# Ethics recommendation



## Notthemama1984 (Feb 23, 2010)

If you could recommend three books as a primer to Reformed Ethics, what would they be? 

I am attempting to expand my patheticly small knowledge. Thanks in advance.


----------



## Covenant Joel (Feb 23, 2010)

John Frame's relatively recent "The Doctrine of the Christian Life" would likely be helpful, whether or not you agree with everything in it. However, it is 1000 pages, so it's hardly a quick primer. It depends on what you're looking for.

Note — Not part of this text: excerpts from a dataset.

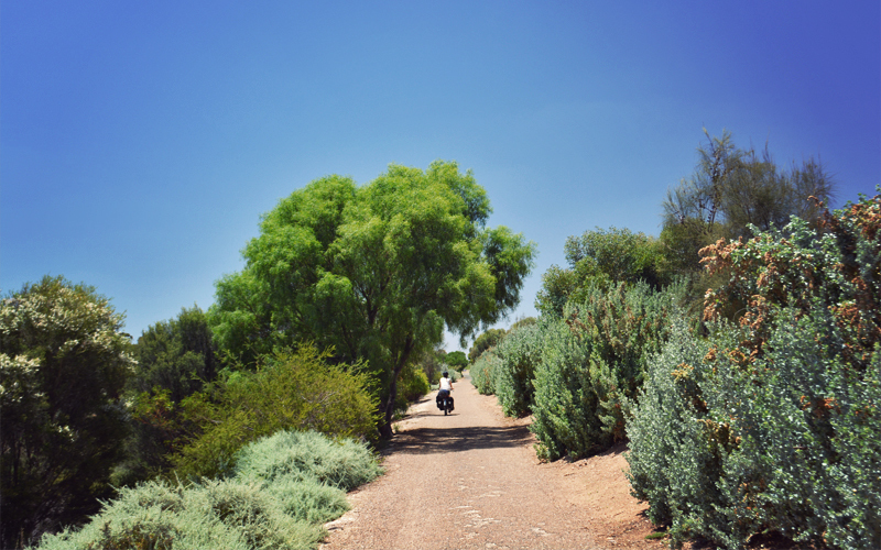But the riding itself leaves little to complain about. Cycling out of a major city is always stressful, but the trek away from the Adelaide area gives us bike lanes almost every mile, pathways through parks, and bike-specific signals at many intersections. The temperature never pushes past seventy-five degrees, there's always a cooling breeze, and it never blows in our faces. It's the best we could have hoped for, and it's easily the simplest escape from a major city I've experienced by bicycle.
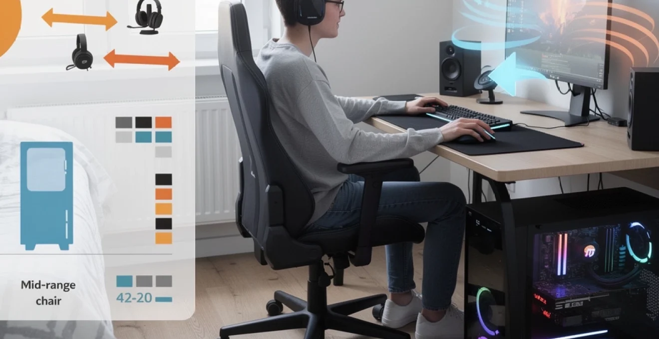 La hauteur de la chaise et du bureau doit permettre aux avant-bras de rester parallèles au sol, coudes à environ 90°, poignets neutres sur le clavier et la souris. Vos pieds doivent reposer à plat, quitte à utiliser un repose-pied improvisé. Dans une chambre, où l’espace est souvent contraint, on privilégiera un bureau gaming compact mais profond (60 cm minimum) pour garder une bonne distance d’écran. Vous pouvez également surélever l’écran avec un bras articulé, ce qui libère de la surface sur le bureau et améliore la posture.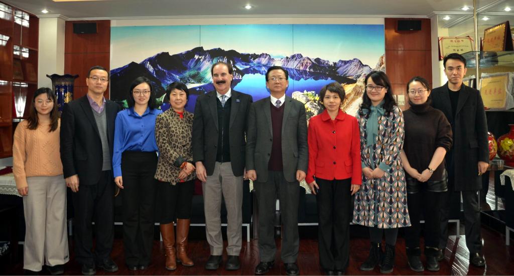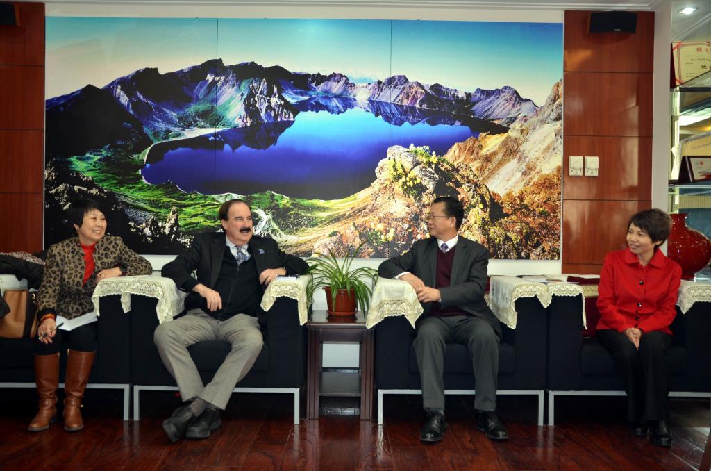 图1:肯塔基大学文理学院院长马克教授(左二)、孔子学院院长修华静教授(左一)与吉林大学新闻与传播学院院长徐正考教授(右二)、副院长孔朝蓬教授(右一)会谈。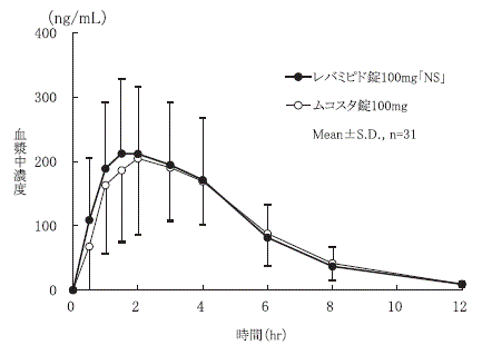 レバミピド錠100mg「NS」とムコスタ錠100mgを、クロスオーバー法によりそれぞれ1錠(レバミピドとして100mg)健康成人男子に絶食時単回経口投与して血漿中未変化体濃度を測定し、得られた薬物動態パラメータ(AUC、Cmax)について90%信頼区間法にて統計解析を行った結果、log(0.8)~log(1.25)の範囲内であり、両製剤の生物学的同等性が確認された2) 。

Some will probably recommend VanDrunen's books on Natural Law, but I would look at critiques of natural law ethics (such as in Frame) and weigh the issues carefully.


----------



## CovenantalBaptist (Feb 23, 2010)

For starters, check out Dutch Reformed theologian J. Douma "Responsible Conduct" For a classic view, John Murray's Principles of Christian Conduct. Jefferson J Davis' Evangelical Ethics is also worth examining. All come from various places in the Reformed camp although there are differences among them. As always read with a Berean (Acts 17:11) spirit.


----------



## Notthemama1984 (Feb 23, 2010)

I am not worried if the book is lengthy. It may take me a really long time to read it, but that is ok.


----------



## Peairtach (Feb 23, 2010)

Jochem Douma also does a neat little book on general principles of Christian ethics, called "Responsible Conduct" (PandR) which is a good companion to his book on the 10C.


----------